The steps for this were:
- Run ollama with a simple and smolLM. I used Tinyllama! Choice of the model was PURELY based on the fact that it was called “Tiny”llama.
- Connect to openwebUI’s chat interface
- Test in local network
- Tunnel via Cloudflare!
All these steps worked quite well, but obviously they stop when close the terminal (I’m a forever noob with terminal things)
Trying Docker
I have never used docker but it seemed to be an easy and well documented format for servers and in particular for Raspberry Pi as a server. You can find more about Raspberry Pi hosting here: https://pi-hosted.com/, by the amazing youtuber Nova spirit tech.
You can follow the instructions available on their website/youtube playlist!
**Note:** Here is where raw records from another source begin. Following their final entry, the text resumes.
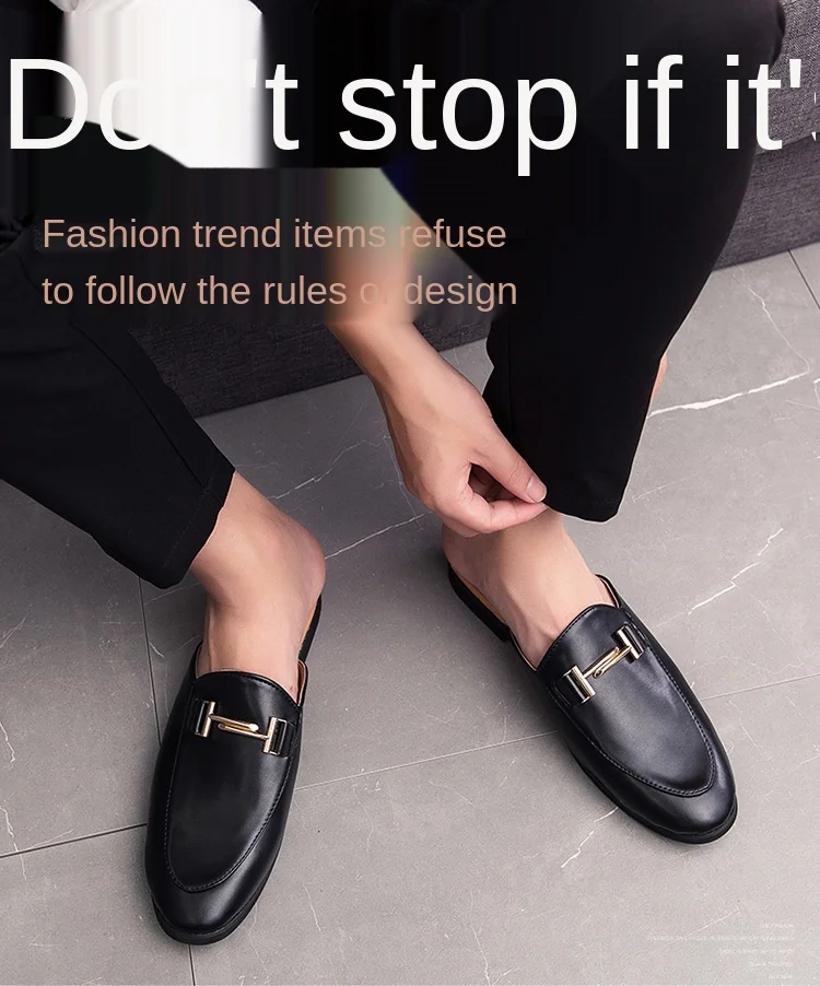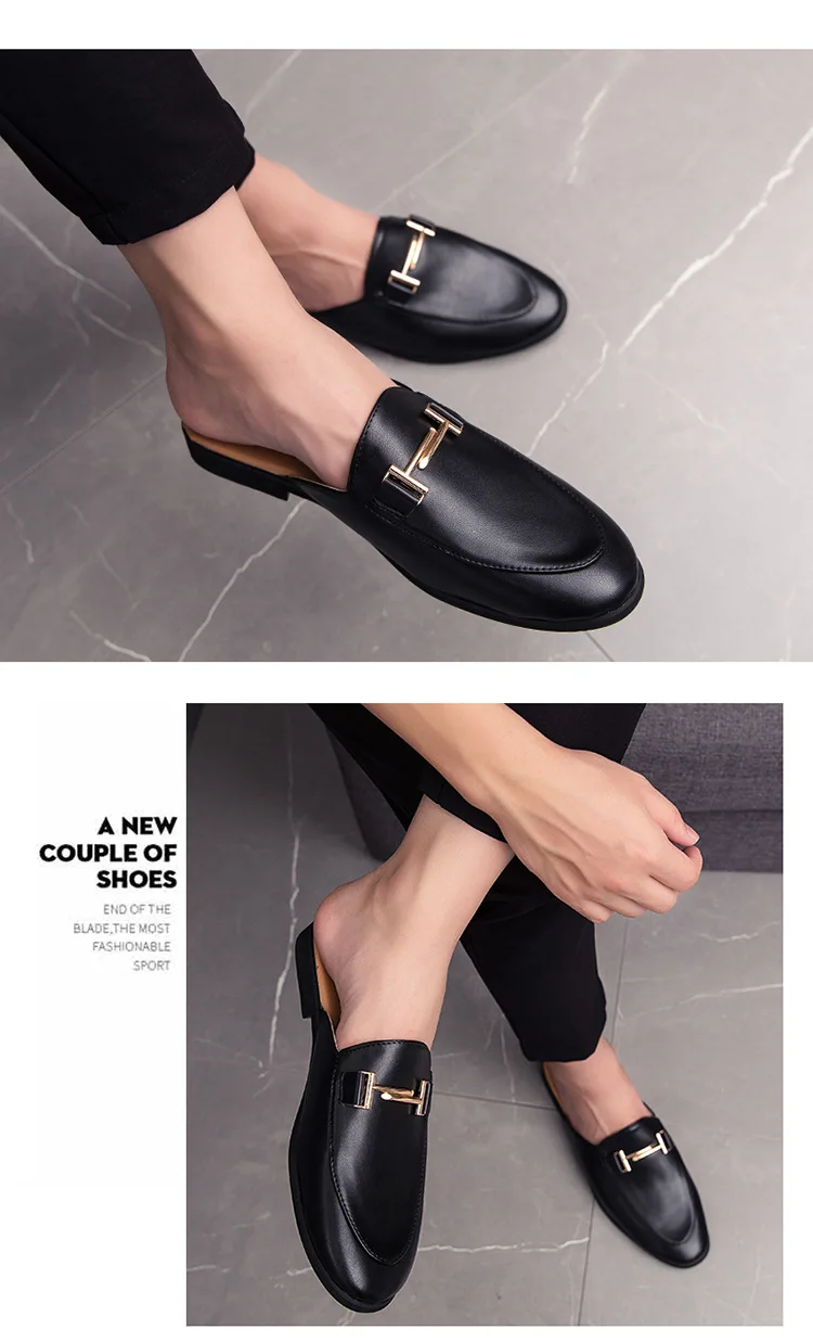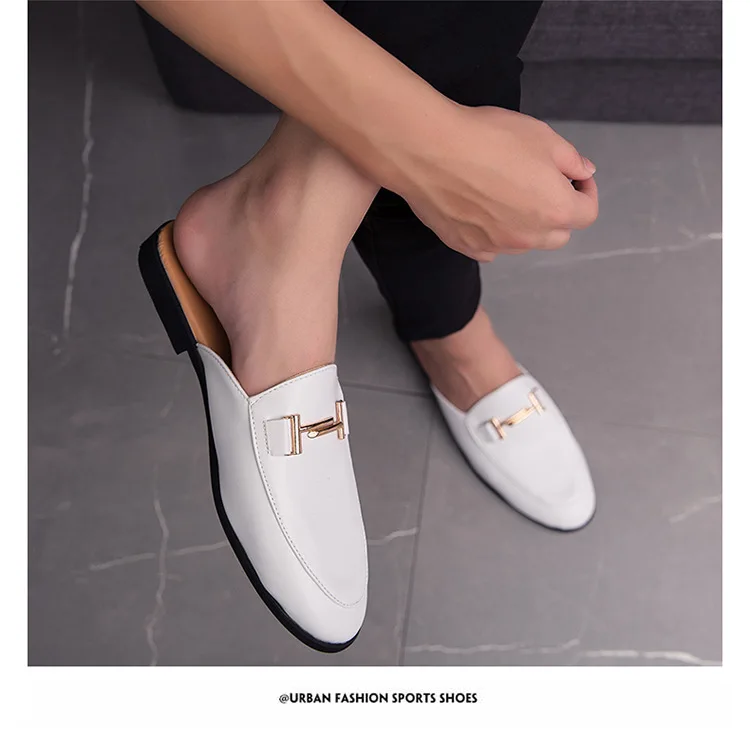White Slip on Shoes Men Mules Leather Shoes Man Classic Black Half Shoes for Men 2025 Mules Homme Chaussure Homme Mule Masculino
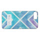 Aquarelle géométrique chevron rayures bleu et violet iPhone 7 coque. Ce design moderne se concentre sur les belles couleurs violet et bleu et l'aquarelle du motif rayé. Il est personnalisé avec votre nom dans un cadre.
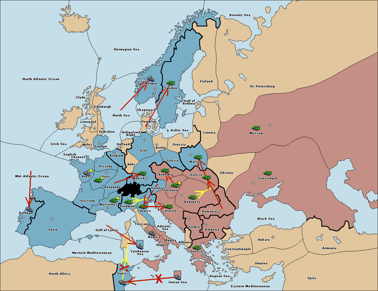 The fleet at Tyrrhenian Sea support move to Gulf of Lyons from Spain.

Once I tested simpler Docker containers like Jellyfin, etc. I was interested in running Ollama+OpenwebUI as a docker container. There are several tutorials from this but I think the best solution to this was the most obvious one - using OpenwebUI’s README! (credit to sud who shared this link with me!)
This was very exciting - however I had no active cooling on my raspberry pi 4, and it was overheating the board (could smell some plastic burning!).